Beatriz Molero: Hi, Lisa. Thanks for having me. I’m really happy to be here.
Lisa Raitt: Awesome. We hear a lot about CCUS. It is a technology and it’s a growing industry as well. Can you describe for us the role of the technology and why is it so important for high emitting industries?
Beatriz Molero: Sure, it is quite a new term and I’m happy to try and explain it a bit better for everybody. There are several types of different technologies within what we call CCUS. There are technologies that target CO2 capture and it can be either directly from the atmosphere. That’s called direct air capture. Or from different flue gas sources. There are also several types of technologies that target CO2 storage, and that’s the S in CCUS. And perhaps the most well-known ones are geological storage. But we can’t forget about the U in CCUS, which is the newest and less known part of CCUS and it stands for utilization. So in this field, CO2 is utilized or converted into other useful products. So for example, CO2 and or water can be converted to other chemicals and there’s different ways. It could be thermochemical, photocatalytic, biochemical, thermolysis or electrochemical processes. So for example, at SeeO2 Energy, what we do is we convert greenhouse gas emissions into high value fuels and chemicals in a net negative carbon process. And I mean all of these technologies are very important for high emitting industries. And even as we make our way through the energy transition, we all know that we need all kinds of technologies from incumbents to new technologies in the short and long term and CCUS really do represent an important part or area within all of this for high emitting industries.
Lisa Raitt: Yeah, and it’s interesting because you’re right, some of us may hear CCS, which is just carbon capture and storage. This is CCUS, which has the utilization piece and that’s the area that you’re focusing in on at SeeO2 Energy.
Lisa Raitt: Correct.
Beatriz Molero: So how is your technology different from other solutions?
Beatriz Molero: Well, there are lots of great solutions here in Canada and worldwide. Where SeeO2 Energy is different from others is that we convert emissions onsite and that allows us to help our customers close the carbon loop. We’re also providing them with solutions to different problems, for example safety, the logistics and cost of gas transportation and storage, and emissions reductions. So our technology really is based on recycling our emissions. In the same way we’ve learned how to recycle glass, plastics or metals. So we provide cleaner feedstocks to the industry, to industrial players by converting the emissions on site and producing cheaper and more reliable gases. And we or SeeO2 Energy technologies, we have the flexibility to produce sustainable gases and feedstocks such as carbon monoxide, hydrogen and syngas. Syngas is a mixture of carbon monoxide and hydrogen and also oxygen. And really all the end users are steel lots, but steel manufacturing, energy industries, utilities and green specialty chemicals.

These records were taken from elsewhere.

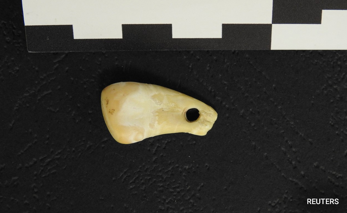Inside a Siberian cave that has been an archeological treasure trove, an elk's canine tooth - pierced to become a pendant - was unearthed by scientists with care to avoid contaminating this intriguing artifact made roughly 20,000 years ago.
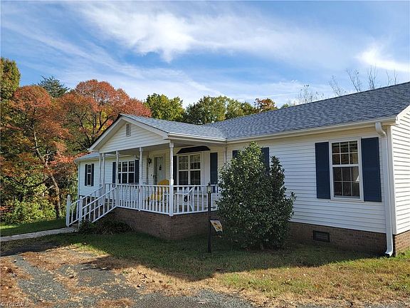 Spacious get away or Full time 3 bedroom 2 bath well maintained quality home in country scenic Stokes county ,NC. Spread out with 1809sqft on 1.87 acres. Welcoming front porch with Sauratown Mountain view. Relaxing sunroom. Attached 2 car garage is over 600sqft. Four walk-in closets and spacious pantry. Jetted tub with separate shower with seat & large double vanity in private primary suite. Wood burning fireplace in the great room with vaulted ceilings and built in speakers. All GE Appliances in eat-in country kitchen plus 2019 Whirlpool washer and dryer in convenient laundry room remain. Separate formal dining room or home office with French doors to entry foyer. Trane heat pump. Central AC. Total Electric. Vinyl tilt windows. Energy efficient with low maintenance vinyl and brick. New architectural shingle roof 2018. New LVP bathroom floors installing 2021. Close to Hanging Rock State Park, Belews lake, Danbury , King &Germanton.
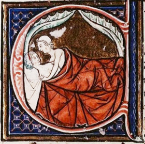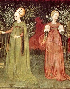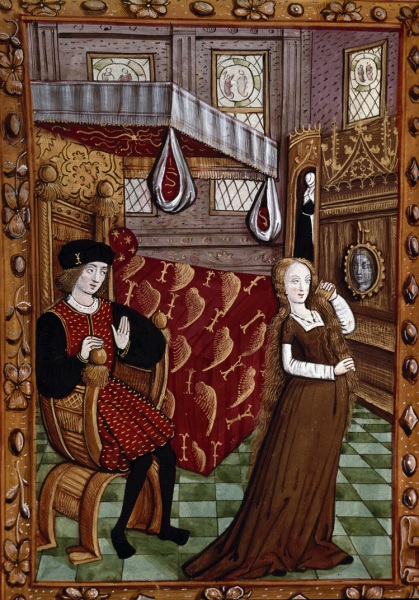 La cugina del conte Stefano Porro di Brianza, Donnina, figlia del giureconsulto Leone Porro di Copreno, fu a partire dagli anni 1360 una vera, seconda consorte di Bernabò Visconti, al quale diede almeno quattro figli, che ricevettero nomi a ricordo delle chansons de geste tanto in voga, come Lancilotto. Bernabò la chiamava affettuosamente col cognome “la Porrina“. Non si conoscono ritratti di Donnina, per cui ho scelto una scena a mia discrezione di epoca un poco più tarda, che raffigura una coppia in un interno.

Lisa Raitt: Okay, so the customer base is quite broad that there will be a lot of people who can actually apply it. Are there any barriers to scaling this up?
Beatriz Molero: There are no particular barriers or no reasons to scale this technology up, just like any other new technology or any hard tech that’s not a software or an app. It just needs extra capital investments and the right team to do it.
Lisa Raitt: Okay, so deployment really is just about getting it out into the field.
Beatriz Molero: Correct. And that’s currently what we’re trying to do this year. Yes.
Lisa Raitt: Excellent. And who would be the ideal customer for you for this technology right now? You’ve got a lot of people out there listening right now. Who do you want to pick up the phone and give you a call, Beatriz, and say, we want to buy SeeO2?
Beatriz Molero: We have Atco here in Canada as an investor. We have Repsol in Europe, we have ArcelorMittal. But I think I’ll use the metal industry as an example. The metal industry is one of the highest emitters in the world. Steel producers currently use coal in their blast furnaces to produce their steel. If we’re able to replace any conventional feedstock, coal feedstock with any of our feedstocks, with any CO2 energy products, carbon monoxide, syngas or hydrogen. The steelmaking releases three tons, three gigatons of CO2 yearly. That represents 7 to 9% of the global total emissions. If we were to use our feedstocks, we can reduce those emissions by 70%. That’s two gigatons of CO2 removal per year. So I mean, the metal industry is an ideal customer, but really anybody that can use any of the products that we make for emissions and on site.
Lisa Raitt: You can use some of what you capture, you can use it for power and for heat.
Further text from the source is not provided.